Leadership Series: Meaningful Engagement in Patient Safety Improvement
The patient safety movement seems to generate themes as we continue to move forward. For 2008, the buzz phrase getting “boards on board” remains a prevailing theme generating much attention at national meetings. One can barely hear a presentation on patient safety without hearing the discussion of the importance of the board of trustees’ active commitment and fiduciary responsibility to quality and patient safety.
There is no debate on the need to increase the board of trustees’ involvement, but there is no real consensus on how to reach a meaningful level of engagement. Does it add value to educate trustees on probability coefficients? Are dashboards the best way to tell what is really going on? Throughout the year you will continue to hear many strategies and potential solutions, and Pennsylvania should be at the cutting edge and leading the nation in this initiative.
Legislation enacted in 2002 created an opportunity for Pennsylvania hospitals to significantly advance and engage their governing bodies on their path to improving patient safety. Act 13 of 2002, the same law that authorized the Patient Safety Authority, required hospitals, ambulatory surgical facilities, and birthing centers in the Commonwealth to develop patient safety committees whose membership may include a member of the board of trustees. In addition, it required patient safety committees to provide quarterly reports to the organization’s administration and governing body. The Act also provides detail about the contents of these reports, which include the number of Serious Events and Incidents, but more importantly, the committee’s
recommendations to eliminate future Serious Events and Incidents.

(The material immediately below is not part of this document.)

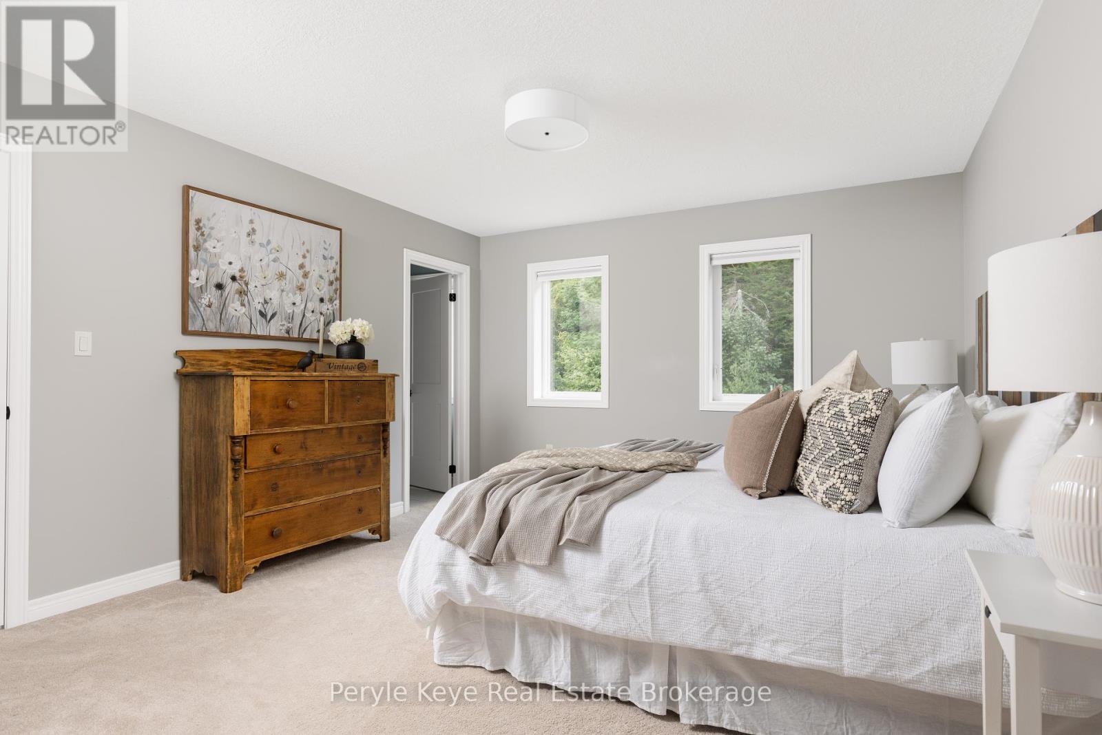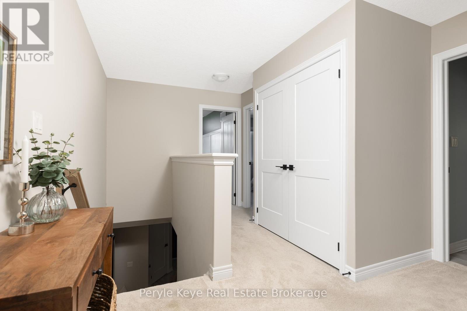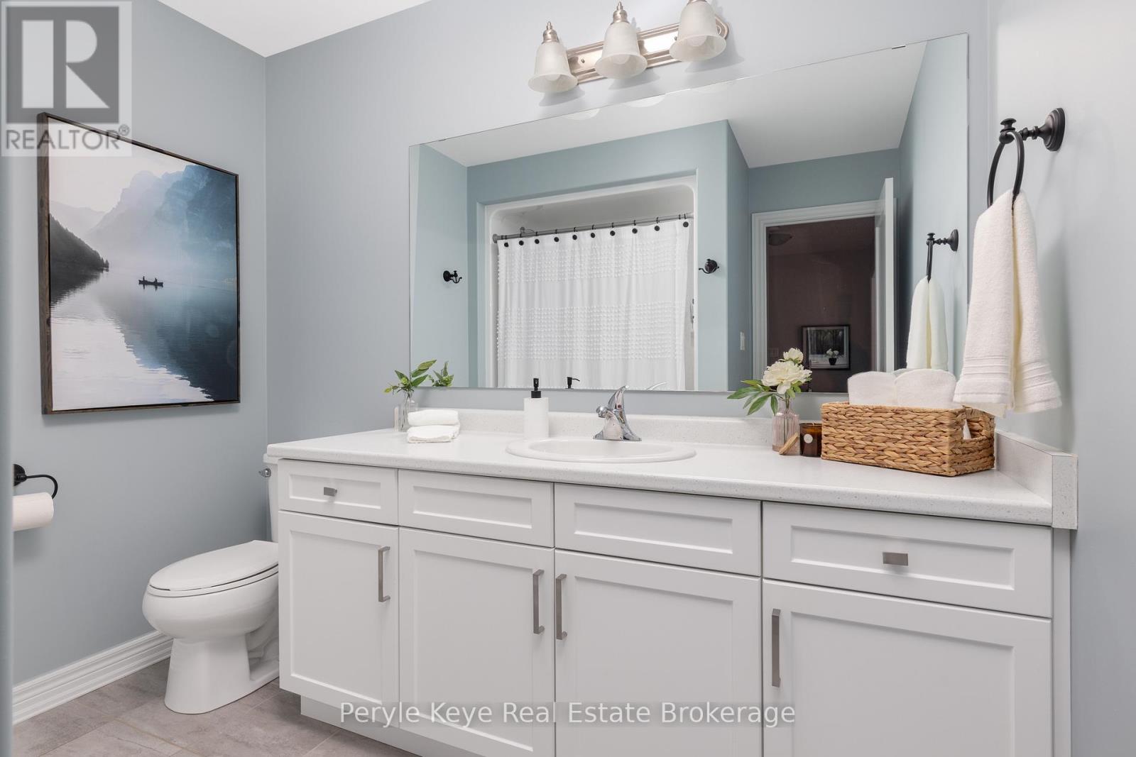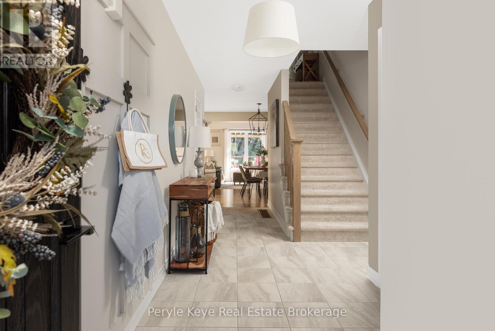 Nestled in the desirable Brookside Crossing community, this beautifully appointed 3-bedroom, 2.5-bath freehold townhome gives you full municipal services and low-maintenance living, all while backing onto a wooded ridge offering privacy and calm. It's the kind of place where you can exhale, knowing you've found the right balance between convenience and nature. Step inside and feel the difference. Hardwood floors carry through the main spaces and upgraded lighting that sets just the right mood. The kitchen will surprise you with extended cabinetry, crown molding, stylish backsplash and an island with bar seating. Just steps away, the interior access from the garage makes coming home easy, rain or shine. Upstairs, the primary suite offers a private retreat with forested views and its own 3-piece ensuite and walk-in closet. Two additional guest bedrooms give you flexibility, whether it's space for kids, guests, or a cozy home office. Thoughtfully designed, a 4pc bath and space for laundry complete this second level. The full, unfinished basement, complete with a rough-in bath and large window, gives you room to grow and the opportunity to design a space that suits your lifestyle. And then there's the backyard - the heart of where memories are made. Imagine summer evenings on your 20' x 12' deck, fireflies flickering while you stargaze under the Muskoka sky. Privacy fencing gives you a quiet spot to relax, while the tree-covered ridge behind your yard provides a natural backdrop that feels miles away from town. There's room for a fire pit, lawn games or raised garden beds. All of this is just minutes to schools, shopping, trails and parks! It's close enough for convenience but far enough to feel tucked away. Serviced with natural gas, municipal water and sewer, and high speed internet, you're always connected. Pride of ownership is evident throughout. Don't miss this amazing opportunity to make this townhome the backdrop of your next chapter. (id:56991)

Admittedly, legislation is not always the most comfortable way to initiate change, but when these processes are properly implemented, they can afford an organization a tremendous opportunity to achieve the correct level of engagement, an appropriate level of sharing, and a significant return of value to the community served.
Moving forward in 2008, I invite each of you to look within your organizations and ask yourselves if you have made the most of this opportunity afforded by Act 13.
For our part, the Patient Safety Authority is committed to increasing trustee awareness of patient safety through education regarding their role in governing an organization dedicated to quality. The Authority’s Board of Directors included facility board education as one of its strategic initiatives, and the Authority has begun work to adopt an appropriate curriculum for Pennsylvania. More information will be provided as it becomes available.
Wishing all of you a great year in making it safer!
Information for Boards
Dr. Pujols-McKee and the rest of the Pennsylvania Patient Safety Authority Board of Directors call attention to the importance of board-level leadership for patients to have a safe medical experience. She has raised the issue of how boards can reach that objective. Clearly, the Authority believes that reporting is one of the tools. “You can’t improve what you don’t measure.” However, becoming aware of errors does not fix them. Improvement comes from redesigning systems, not making providers aware of their errors and the consequences.
Board committees may wish to consider the following recent articles among many that discuss patient safety from the perspective of the board:
Pronovost PJ, Berenholtz SM, Needham DM. A framework for health care organizations to develop and evaluate a safety scorecard.
JAMA 2007 Nov 7;298(17):2063-5. Dr. Pronovost and colleagues recommend rate-based measures of outcomes and processes related to outcomes, plus other measures of the culture of safety in the organization. Because patient safety reporting systems are vulnerable to reporting bias and lack denominators, the authors recommend using them to identify, but not measure, errors.
Shortell SM, Singer SJ. Improving patient safety by taking systems seriously.
2008 Jan 30;299(4):445-7. The authors emphasize the importance of having systems for reliably delivering medical care, both within organizations and across organizations.
Clarke JR, Lerner JC, Marella W. The role for leaders of health care organizations in patient safety.
Am J Med Qual
2007 Sep-Oct;22(5):311-8. Myself and others from ECRI Institute reviewed critical “patient safety literacy” for board members, including high reliability organizations,
culture of safety, decreasing unjustified variability in care, at-risk behavior, an emphasis on system design rather than provider performance, and disclosure. Twenty actions are cited that are appropriate for board consideration, including reporting, monitoring, and benchmarking against past performance.